**Work to be completed**
One part of the entries below is wanted: the lines from the one containing "3、 目前导出收到的汇报到邮" through the one containing "Model two is". Write those out exactly and nothing else.

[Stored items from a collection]
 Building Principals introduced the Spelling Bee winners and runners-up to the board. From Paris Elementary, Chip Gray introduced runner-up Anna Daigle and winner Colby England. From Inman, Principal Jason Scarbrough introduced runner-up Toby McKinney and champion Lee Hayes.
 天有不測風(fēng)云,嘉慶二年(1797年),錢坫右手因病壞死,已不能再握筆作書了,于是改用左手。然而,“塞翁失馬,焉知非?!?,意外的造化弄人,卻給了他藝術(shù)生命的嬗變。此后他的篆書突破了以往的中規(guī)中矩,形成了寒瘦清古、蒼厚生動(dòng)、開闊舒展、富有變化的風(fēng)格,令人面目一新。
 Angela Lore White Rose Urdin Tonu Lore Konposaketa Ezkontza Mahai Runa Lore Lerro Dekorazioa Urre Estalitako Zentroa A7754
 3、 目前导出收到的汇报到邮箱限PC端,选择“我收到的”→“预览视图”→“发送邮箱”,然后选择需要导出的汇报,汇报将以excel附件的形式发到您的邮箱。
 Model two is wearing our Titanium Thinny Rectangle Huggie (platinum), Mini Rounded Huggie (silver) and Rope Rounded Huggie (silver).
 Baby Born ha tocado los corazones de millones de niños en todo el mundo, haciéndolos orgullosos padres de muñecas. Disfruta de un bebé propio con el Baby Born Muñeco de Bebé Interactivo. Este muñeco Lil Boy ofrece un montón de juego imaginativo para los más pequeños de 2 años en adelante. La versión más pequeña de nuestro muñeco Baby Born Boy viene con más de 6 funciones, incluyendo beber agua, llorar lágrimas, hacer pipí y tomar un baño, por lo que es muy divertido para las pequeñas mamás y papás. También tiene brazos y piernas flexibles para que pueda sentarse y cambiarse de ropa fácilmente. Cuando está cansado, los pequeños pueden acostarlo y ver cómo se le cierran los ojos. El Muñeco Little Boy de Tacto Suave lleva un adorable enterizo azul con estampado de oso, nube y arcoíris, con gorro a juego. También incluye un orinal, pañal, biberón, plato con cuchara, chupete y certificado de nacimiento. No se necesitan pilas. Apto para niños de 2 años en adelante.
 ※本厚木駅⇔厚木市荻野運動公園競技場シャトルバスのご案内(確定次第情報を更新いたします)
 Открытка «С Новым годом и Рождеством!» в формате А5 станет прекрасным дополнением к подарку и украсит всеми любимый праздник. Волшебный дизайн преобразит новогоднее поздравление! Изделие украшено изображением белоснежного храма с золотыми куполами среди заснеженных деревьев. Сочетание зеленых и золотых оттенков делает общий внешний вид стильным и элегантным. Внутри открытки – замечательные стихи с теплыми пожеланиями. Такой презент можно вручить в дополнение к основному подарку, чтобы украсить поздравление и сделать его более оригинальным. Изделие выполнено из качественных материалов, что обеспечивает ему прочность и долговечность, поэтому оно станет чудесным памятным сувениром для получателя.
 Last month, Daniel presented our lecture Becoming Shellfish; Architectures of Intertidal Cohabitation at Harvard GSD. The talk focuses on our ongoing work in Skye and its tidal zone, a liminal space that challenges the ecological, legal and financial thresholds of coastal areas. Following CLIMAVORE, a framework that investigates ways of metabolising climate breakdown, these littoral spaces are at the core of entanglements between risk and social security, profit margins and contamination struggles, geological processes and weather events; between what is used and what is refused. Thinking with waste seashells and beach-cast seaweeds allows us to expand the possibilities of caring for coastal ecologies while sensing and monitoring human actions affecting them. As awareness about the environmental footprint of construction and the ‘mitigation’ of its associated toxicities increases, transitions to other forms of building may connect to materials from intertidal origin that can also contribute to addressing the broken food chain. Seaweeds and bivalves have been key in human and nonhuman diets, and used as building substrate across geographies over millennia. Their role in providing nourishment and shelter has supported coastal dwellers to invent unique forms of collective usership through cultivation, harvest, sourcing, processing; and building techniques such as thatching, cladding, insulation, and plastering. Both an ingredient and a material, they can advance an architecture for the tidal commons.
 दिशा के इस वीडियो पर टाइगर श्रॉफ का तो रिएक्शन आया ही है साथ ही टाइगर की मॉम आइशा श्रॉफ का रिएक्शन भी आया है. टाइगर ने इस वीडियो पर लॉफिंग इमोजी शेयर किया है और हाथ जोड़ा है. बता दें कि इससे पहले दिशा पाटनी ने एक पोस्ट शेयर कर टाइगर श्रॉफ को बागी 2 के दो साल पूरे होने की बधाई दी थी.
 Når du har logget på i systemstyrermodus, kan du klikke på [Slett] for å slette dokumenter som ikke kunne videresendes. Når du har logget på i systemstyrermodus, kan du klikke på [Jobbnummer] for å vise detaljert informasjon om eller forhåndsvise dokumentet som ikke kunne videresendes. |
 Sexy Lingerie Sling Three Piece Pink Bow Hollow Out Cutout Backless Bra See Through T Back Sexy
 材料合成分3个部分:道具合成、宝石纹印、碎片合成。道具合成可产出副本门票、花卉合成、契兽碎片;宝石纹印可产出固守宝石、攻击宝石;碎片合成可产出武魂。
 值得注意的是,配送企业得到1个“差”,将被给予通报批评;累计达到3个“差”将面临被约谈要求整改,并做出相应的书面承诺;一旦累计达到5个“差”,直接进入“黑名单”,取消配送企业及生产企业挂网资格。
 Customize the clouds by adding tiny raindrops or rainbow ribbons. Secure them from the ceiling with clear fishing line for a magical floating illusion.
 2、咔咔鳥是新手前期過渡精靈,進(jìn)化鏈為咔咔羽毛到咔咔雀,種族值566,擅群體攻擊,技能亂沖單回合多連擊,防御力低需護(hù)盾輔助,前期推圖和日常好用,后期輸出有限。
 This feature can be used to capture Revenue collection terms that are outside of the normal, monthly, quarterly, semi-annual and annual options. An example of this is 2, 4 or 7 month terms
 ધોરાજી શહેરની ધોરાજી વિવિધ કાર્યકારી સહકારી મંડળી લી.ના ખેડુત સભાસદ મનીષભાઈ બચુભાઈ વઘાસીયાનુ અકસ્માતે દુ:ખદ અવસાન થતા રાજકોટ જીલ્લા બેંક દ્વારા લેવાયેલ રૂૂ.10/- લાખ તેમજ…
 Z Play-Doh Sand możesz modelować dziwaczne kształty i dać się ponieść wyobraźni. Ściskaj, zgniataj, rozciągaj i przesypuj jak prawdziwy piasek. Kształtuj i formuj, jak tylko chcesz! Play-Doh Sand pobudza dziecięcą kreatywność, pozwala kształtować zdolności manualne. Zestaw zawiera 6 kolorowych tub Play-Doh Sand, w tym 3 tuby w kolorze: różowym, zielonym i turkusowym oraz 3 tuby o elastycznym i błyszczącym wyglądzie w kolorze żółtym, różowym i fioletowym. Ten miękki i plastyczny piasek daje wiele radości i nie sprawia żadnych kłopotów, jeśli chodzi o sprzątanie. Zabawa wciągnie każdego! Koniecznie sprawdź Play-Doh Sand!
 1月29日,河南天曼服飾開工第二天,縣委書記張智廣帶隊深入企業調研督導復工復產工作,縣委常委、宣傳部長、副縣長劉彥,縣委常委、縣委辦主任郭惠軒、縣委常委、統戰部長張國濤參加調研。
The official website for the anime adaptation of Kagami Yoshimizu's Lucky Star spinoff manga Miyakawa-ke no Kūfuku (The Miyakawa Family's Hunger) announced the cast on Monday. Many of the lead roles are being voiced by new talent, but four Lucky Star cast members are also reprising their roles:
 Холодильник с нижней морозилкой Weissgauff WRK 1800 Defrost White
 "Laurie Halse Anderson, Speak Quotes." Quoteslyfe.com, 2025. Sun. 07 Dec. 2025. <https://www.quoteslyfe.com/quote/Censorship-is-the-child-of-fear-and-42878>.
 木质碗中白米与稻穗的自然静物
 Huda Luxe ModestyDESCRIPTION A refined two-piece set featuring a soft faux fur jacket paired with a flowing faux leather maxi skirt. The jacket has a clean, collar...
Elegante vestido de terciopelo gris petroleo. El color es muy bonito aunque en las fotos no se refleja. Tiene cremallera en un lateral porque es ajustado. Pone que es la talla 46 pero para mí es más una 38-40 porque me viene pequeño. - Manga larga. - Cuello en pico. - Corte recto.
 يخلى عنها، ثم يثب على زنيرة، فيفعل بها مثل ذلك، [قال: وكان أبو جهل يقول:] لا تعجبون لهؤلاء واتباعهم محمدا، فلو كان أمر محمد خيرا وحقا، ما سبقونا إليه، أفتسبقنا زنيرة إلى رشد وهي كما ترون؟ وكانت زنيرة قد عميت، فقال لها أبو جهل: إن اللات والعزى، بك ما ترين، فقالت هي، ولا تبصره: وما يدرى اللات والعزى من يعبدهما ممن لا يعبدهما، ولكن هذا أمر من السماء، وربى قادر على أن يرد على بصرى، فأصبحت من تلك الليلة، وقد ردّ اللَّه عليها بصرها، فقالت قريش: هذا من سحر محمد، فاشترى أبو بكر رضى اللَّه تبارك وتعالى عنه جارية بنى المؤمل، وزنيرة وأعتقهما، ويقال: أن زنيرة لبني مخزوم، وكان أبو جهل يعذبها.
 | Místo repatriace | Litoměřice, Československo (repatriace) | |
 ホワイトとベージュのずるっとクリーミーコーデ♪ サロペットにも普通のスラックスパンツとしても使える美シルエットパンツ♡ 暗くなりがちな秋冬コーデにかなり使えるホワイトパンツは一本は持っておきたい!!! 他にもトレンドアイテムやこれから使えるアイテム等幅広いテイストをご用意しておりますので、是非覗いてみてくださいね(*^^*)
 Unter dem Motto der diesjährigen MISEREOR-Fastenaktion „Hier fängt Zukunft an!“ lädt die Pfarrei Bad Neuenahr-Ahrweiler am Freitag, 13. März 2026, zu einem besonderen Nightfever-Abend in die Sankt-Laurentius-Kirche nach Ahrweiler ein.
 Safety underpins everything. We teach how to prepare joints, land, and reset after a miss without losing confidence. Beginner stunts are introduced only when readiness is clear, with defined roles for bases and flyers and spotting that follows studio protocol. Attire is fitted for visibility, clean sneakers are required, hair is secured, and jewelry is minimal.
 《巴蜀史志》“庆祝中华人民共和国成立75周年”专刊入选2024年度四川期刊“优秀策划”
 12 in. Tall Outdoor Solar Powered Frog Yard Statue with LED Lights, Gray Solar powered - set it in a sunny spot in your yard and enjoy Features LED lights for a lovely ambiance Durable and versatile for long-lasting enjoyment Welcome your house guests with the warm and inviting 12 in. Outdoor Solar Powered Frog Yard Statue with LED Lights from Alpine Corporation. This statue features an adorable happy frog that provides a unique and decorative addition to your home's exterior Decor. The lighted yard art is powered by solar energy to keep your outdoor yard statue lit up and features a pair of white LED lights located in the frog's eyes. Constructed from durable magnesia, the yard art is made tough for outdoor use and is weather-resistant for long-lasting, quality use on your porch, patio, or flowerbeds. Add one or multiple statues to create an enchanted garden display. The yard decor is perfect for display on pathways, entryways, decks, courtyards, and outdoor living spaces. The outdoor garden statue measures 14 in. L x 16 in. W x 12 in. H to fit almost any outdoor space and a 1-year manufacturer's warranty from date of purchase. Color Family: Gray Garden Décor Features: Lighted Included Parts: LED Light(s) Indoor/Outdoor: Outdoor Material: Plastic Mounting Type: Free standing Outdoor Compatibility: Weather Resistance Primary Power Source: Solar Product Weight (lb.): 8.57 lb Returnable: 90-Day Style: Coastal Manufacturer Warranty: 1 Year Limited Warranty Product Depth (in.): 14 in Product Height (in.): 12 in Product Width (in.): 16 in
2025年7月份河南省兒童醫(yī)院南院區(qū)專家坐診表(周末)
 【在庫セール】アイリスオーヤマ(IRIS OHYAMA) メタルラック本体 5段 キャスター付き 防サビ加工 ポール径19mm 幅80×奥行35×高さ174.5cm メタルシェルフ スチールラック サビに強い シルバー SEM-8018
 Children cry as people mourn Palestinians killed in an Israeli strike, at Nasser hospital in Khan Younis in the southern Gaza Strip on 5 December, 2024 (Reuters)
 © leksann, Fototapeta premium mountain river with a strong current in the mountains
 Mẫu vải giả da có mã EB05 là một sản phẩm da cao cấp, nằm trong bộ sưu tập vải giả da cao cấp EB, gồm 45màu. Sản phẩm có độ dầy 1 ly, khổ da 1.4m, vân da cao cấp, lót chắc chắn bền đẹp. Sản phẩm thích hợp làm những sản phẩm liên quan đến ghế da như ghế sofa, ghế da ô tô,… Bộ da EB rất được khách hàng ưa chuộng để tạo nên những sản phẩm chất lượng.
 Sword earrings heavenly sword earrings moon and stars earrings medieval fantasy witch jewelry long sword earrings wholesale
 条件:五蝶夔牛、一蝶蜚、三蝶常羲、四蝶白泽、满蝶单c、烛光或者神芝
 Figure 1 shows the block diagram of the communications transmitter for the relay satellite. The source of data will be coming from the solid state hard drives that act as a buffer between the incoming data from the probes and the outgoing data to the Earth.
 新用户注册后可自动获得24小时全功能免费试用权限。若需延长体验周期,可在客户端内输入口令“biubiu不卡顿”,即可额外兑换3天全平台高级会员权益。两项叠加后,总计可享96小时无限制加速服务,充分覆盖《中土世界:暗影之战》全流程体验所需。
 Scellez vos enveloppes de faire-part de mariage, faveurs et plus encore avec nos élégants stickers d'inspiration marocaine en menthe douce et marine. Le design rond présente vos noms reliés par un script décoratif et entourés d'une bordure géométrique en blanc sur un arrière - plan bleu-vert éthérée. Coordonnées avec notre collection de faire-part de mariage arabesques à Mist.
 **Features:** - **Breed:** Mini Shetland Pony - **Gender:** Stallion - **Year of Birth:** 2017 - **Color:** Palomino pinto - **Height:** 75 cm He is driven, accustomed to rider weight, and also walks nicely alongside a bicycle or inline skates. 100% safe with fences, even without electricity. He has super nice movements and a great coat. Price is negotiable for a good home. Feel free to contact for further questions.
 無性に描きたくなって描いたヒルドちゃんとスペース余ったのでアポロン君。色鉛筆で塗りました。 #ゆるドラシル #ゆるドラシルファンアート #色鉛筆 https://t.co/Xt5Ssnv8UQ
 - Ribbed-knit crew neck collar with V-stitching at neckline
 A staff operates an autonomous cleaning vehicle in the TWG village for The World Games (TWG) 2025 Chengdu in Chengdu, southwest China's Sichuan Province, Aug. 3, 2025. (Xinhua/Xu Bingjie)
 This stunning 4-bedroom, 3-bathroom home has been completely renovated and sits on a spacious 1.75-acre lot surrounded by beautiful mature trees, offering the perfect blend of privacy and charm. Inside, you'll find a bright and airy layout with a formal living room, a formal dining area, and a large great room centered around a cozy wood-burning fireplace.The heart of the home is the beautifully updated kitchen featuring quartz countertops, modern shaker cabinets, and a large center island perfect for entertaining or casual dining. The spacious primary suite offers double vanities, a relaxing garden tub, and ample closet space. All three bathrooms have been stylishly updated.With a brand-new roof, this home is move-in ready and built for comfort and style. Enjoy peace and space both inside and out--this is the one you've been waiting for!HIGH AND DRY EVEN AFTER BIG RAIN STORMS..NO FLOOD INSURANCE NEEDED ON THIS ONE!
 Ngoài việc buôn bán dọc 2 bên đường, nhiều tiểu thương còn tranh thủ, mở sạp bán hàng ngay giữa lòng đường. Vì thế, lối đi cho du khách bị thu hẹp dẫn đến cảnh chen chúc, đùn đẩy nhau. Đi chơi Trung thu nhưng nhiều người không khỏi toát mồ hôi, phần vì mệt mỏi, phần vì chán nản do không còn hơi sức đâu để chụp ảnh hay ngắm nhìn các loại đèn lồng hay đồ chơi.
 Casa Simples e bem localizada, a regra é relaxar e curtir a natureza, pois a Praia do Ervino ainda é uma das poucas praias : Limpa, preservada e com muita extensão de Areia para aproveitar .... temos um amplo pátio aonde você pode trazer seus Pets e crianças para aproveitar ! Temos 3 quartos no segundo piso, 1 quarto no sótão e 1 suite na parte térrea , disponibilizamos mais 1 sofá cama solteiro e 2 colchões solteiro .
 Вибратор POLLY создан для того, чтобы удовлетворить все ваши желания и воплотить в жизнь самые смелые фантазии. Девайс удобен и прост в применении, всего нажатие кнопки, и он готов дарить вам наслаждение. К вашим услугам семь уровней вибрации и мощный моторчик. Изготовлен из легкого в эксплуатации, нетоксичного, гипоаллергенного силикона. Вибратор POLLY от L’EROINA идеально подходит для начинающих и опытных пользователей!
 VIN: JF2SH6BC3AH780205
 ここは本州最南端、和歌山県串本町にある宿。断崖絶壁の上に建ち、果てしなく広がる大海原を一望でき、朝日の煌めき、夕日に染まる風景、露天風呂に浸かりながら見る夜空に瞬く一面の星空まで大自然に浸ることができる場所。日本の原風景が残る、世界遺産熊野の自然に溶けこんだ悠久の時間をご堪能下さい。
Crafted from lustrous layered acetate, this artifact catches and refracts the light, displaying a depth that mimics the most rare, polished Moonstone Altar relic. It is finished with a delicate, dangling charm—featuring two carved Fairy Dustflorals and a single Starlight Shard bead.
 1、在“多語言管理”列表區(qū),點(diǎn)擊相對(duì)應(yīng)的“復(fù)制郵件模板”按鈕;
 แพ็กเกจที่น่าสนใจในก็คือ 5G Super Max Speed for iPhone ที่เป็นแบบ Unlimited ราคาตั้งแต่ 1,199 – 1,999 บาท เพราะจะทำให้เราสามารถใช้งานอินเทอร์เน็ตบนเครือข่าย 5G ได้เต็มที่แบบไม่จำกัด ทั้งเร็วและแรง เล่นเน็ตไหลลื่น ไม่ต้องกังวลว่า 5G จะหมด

**Final answer**
 3、 目前导出收到的汇报到邮箱限PC端,选择“我收到的”→“预览视图”→“发送邮箱”,然后选择需要导出的汇报,汇报将以excel附件的形式发到您的邮箱。
 Model two is wearing our Titanium Thinny Rectangle Huggie (platinum), Mini Rounded Huggie (silver) and Rope Rounded Huggie (silver).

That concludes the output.